Steel coils. Picture: BLOOMBERG
Steel coils. Picture: BLOOMBERG

India’s largest maker of stainless steel, Jindal Stainless (Hisar), warned on Tuesday that New Delhi’s decision to sign a new trade deal with China could lead to a surge in cheaper imports and hurt domestic producers.

Delhi-based Jindal Stainless, whose quarterly profit dropped for the first time in more than a year, said the inclusion of flat stainless-steel products in the Regional Comprehensive Economic Partnership (RCEP) would force some small Indian steel companies to close.

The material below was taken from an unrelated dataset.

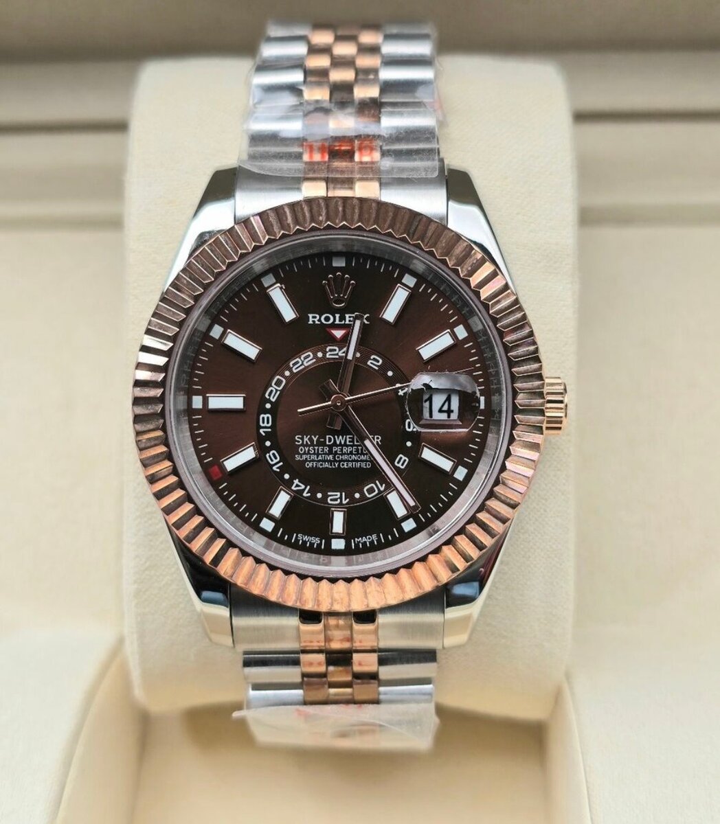 Découvrez la montre Rolex Sky-Dweller pour homme. Un design élégant avec un bracelet bicolore et un cadran sophistiqué. Idéale pour les amateurs de luxe intemporel.

Indian Prime Minister Narendra Modi will take part in the latest talks on RCEP, touted as a free-trade deal that will encompass more than a third of the world’s GDP.

The pact involves 16 countries, including the Association of Southeast Asian Nations, Australia, China, India, Japan, New Zealand and South Korea, but not the US.

“India will become a dumping ground for all goods through this open-door policy approach by the government,” Jindal Stainless said in a statement.

India is already staring at higher stainless-steel imports in 2018, with overseas purchases at 453,693-million tons in the first five months of fiscal 2018/19, 94%  of total purchases in the previous year.

Earlier in 2018, India launched an investigation into subsidised production and exports of welded stainless-steel pipes and tubes from China and Vietnam.